Citoid converts ignores <302::aid-ajmg13>
Open, NormalPublic0 Story Points

Description

Paste:

10.1002/1096-8628(20000612)96:3<302::aid-ajmg13>3.0.co;2-i

in Citoid and it will fill the citation, however, in the doi-field it wil add:

10.1002/1096-8628(20000612)96:33.0.CO;2-I

Which is a non-existing doi.

Checked on sv.wiki prodution

Josve05a updated the task description. (Show Details)
Josve05a raised the priority of this task from to Needs Triage.
Josve05a added a project: Citoid.
Josve05a added a subscriber: Josve05a.
Restricted Application added subscribers: StudiesWorld, Aklapper. · View Herald TranscriptNov 24 2015, 11:20 AM
Mvolz added a subscriber: Mvolz.Dec 7 2015, 8:34 PM

Hmm. It's getting caught by a fix that strips html tags out of any fields using a node library called stripTags. This is a validation measure to make sure we aren't accidentally sending html to wikis... not sure how to get around this except not to use it on the doi fields. I'll have to consult with security :).
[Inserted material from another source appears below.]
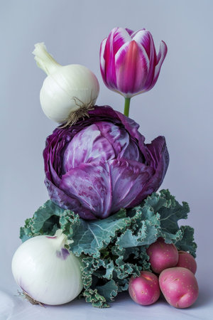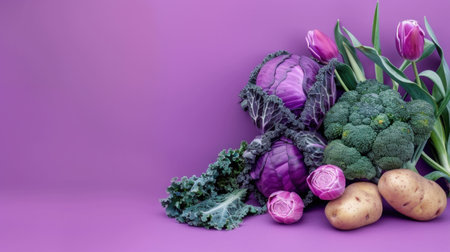 Fresh vegetables on a purple background, including green broccoli, purple cabbage, and potatoes with tulips

Mvolz set Security to None.
Mvolz edited projects, added Security; removed Security-Reviews.
Bawolff added a subscriber: Bawolff.Dec 7 2015, 8:40 PM

Hmm. It's getting caught by a fix that strips html tags out of any fields using a node library called stripTags

Use a better library?

Stripping html tags does not sound like the correct solution here. Unless you're worried about dirty data that has extra html tags you don't want in it, I would expect that you would simply want to escape angled brackets (ie turn >, < into &gt; and &lt; respectively).

Mvolz added a comment.Dec 7 2015, 8:42 PM

@Bawolff, That's exactly what we're worried about. It was originally a fix for some Zotero data that was coming in with div and i tags.

Mvolz added a comment.EditedDec 7 2015, 8:42 PM

Fittingly their wikipedia translator, hah :).

Mvolz added a comment.Dec 7 2015, 8:44 PM

Also, changing < into &gt; in a doi changes its meaning.

Also, changing < into &gt; in a doi changes its meaning

It should be different layers. turning < into &lt; when fed to the wiki, will eventually get turned back into a '<' when read by the user.

That's exactly what we're worried about. It was originally a fix for some Zotero data that was coming in with div and i tags.

I'm not exactly sure about the syntax of doi's, but that means you'd probably have to do something like strip html-type tags, but only those that are div, span, i, etc, and then escape angle brackets for the other uses of angle brackets.

Bawolff claimed this task.Dec 8 2015, 10:08 PM
Bawolff triaged this task as Normal priority.
Bawolff edited projects, added Security-Team; removed Security.
Mvolz added a subscriber: mobrovac.Dec 9 2015, 6:56 AM

That's true, but we can't guarantee that every consumer of the doi field is
going to be html, so that makes me concerned. I think I'd be happier not
using striptags just on the doi field. The issue we had with polluting html
tags was not in the doi field and I think is unlikely to be. @mobrovac what
do you think?

I'm with @Mvolz that the best solution might be not to enforce tag stripping on all of the fields. But, before we do that, I'd like to see some research conducted into what happens if malicious tags (primarily <script>) are inserted in the DOI field by the client. How would Zotero process this? What about DOI indexers?

Personally, I'm sad to see such abuses of the DOI spec.

Mvolz moved this task from Backlog to IO Tasks on the Citoid board.Jan 12 2016, 10:14 AM
Restricted Application added a project: VisualEditor. · View Herald TranscriptOct 28 2016, 3:13 PM
Jdforrester-WMF set the point value for this task to 0.Feb 9 2017, 6:18 PM
Mvolz claimed this task.Sep 13 2017, 9:21 AM
Josve05a moved this task from Backlog to Tasks to follow on the User-Josve05a board.